Sistema is majority owned (59.2 percent) by the Moscow-based oligarch Vladimir Yevtushenkov. This 73-year-old is 1,427th on the Forbes Billionaires List, with a net worth estimated at 2.2 billion dollars. His recent history suggests a degree of distance from the Putin regime. In September 2014 he was put under house arrest in Moscow on charges of money laundering, being released subsequently. Some have compared his fate to that of fellow oligarch Mikhail Khodorkovsky who also fell foul of the Russian state, ending up being jailed on allegations of fraud, and having his Yukos oil company appropriated.

Board representatives

In July 2020, the ex-deputy Luxembourg prime minister and economy minister Étienne Schneider joined the board of Russian conglomerate Sistema as an independent director. This followed the appointment of his predecessor at the Economy Ministry Jeannot Krecké, who was also a member of the Sistema board and that of East-West United Bank in the role of chairman. 

Both men announced their resignation from these roles on February 27, after resisting this move for a number of days after the invasion of Ukraine.
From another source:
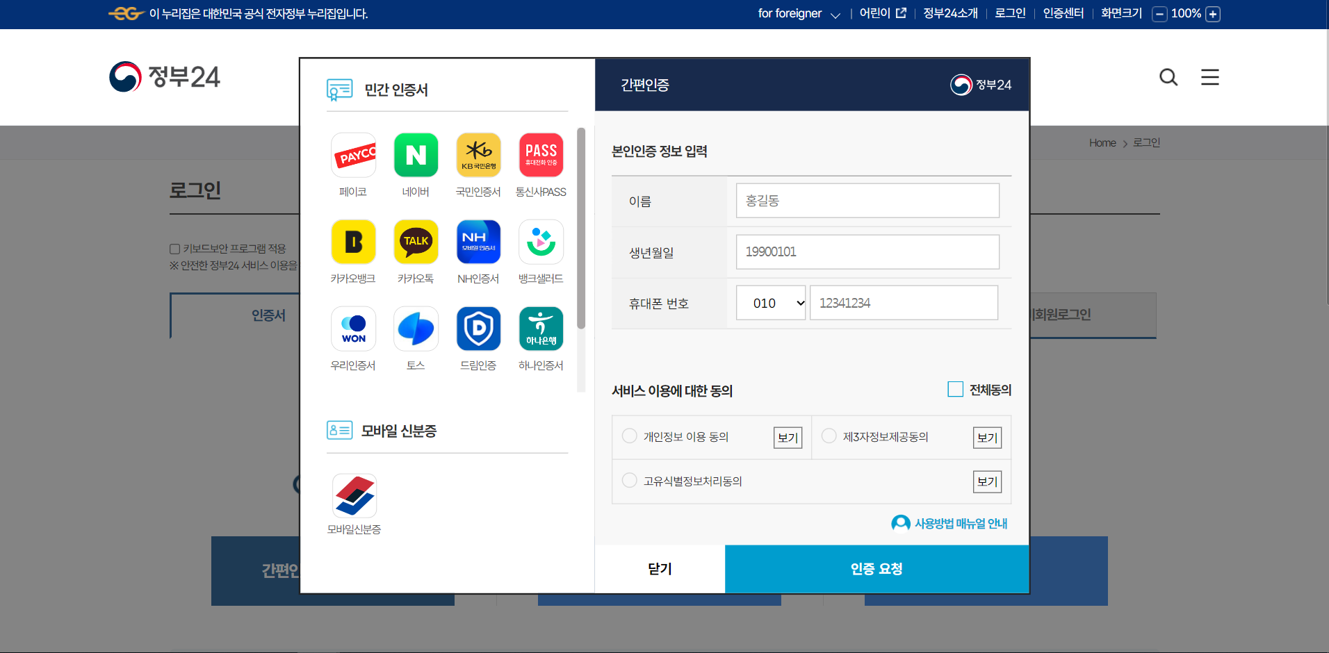 2. 본인인증 (간편인증 추천)

By being generally relaxed about these connections in recent years, Luxembourg’s society and media was in line with the general policy of constructive engagement favoured by neighbouring Germany.

Soviet links

Asked about East-West’s clients, CEO Sergey Pchelintsev told the Luxemburger Wort newspaper in 2019 “it can be Russian businesspeople who have cross-border import-export activities, it can be investors who want to create a basis for business in the EU in Luxembourg or want to invest globally from here, even those whose business activities do not touch Russia at all.” 

As for the origins of the bank in 1974, he said “the founding corresponds to the beginning of gas exploration in Siberia. The Soviet Union developed a huge gas pipeline project to Europe and needed advanced technology to carry it out. Luxembourg being, at the time, at the heart of the metallurgical industry, I suppose that this position played a role in the installation of a Soviet bank here.”

East-West was previously majority owned by VTB Bank, on of Russia’s largest, and which has just been targeted for sanctions by the West. 

Mostly trade holding companies

Otherwise, most operations with Russian connections in Luxembourg operate as holding companies to facilitate trade and investment into and from the EU. Most of this is related to oil and gas. The business register lists 237 companies backed directly with Russian capital, as well as numerous others owned partly or completely by Russia-connected company structures. Mostly these are small operations with a handful of directors and employees. The country’s energy giants (including Gazprom and Rosneft) have dozens of these holding companies in the Grand Duchy. There is also VEB-Leasing, and offshoot of VEB, the Russian state development corporation, which is chaired by a certain Vladimir Vladimirovich Putin. 

Potential impact?

As well as the international trade sanctions, these companies will have to manage the potential exodus of Russian and non-Russian directors and employees unwilling to work for Russian businesses after the invasion of Ukraine. The extent and effect of this remains to be seen. 

Investment Officer spoke off the record to a locally based, non-Russian who last week resigned his role as a non-executive director in a Russia-connected financial holding company. While saying that long term this would affect the corporate governance profile of the company, which would potentially have regulatory consequences, short term his resignation and that of a colleague would not prevent the company from being able to operate. The Russian chair of the company will still be able to sign documents on the firm’s behalf. 

Pension fund stakes

There are also investments in Russia by Luxembourg’s state pension fund, the Fonds de Compensation, but these stakes are relatively small. The exposure of the fund to Russian equities and bonds is 0.23 percent. Most of this is held in the form of sovereign debt totalling at least €52.3 million, in the exchange rate of the time. As regards shares, the value totalled around €20 million, including €4.2 million in the sanctioned bank Sberbank, €3.6 million euro in Gazprom, and 3.1 million euro in Lukoil, Russia’s second-largest oil company.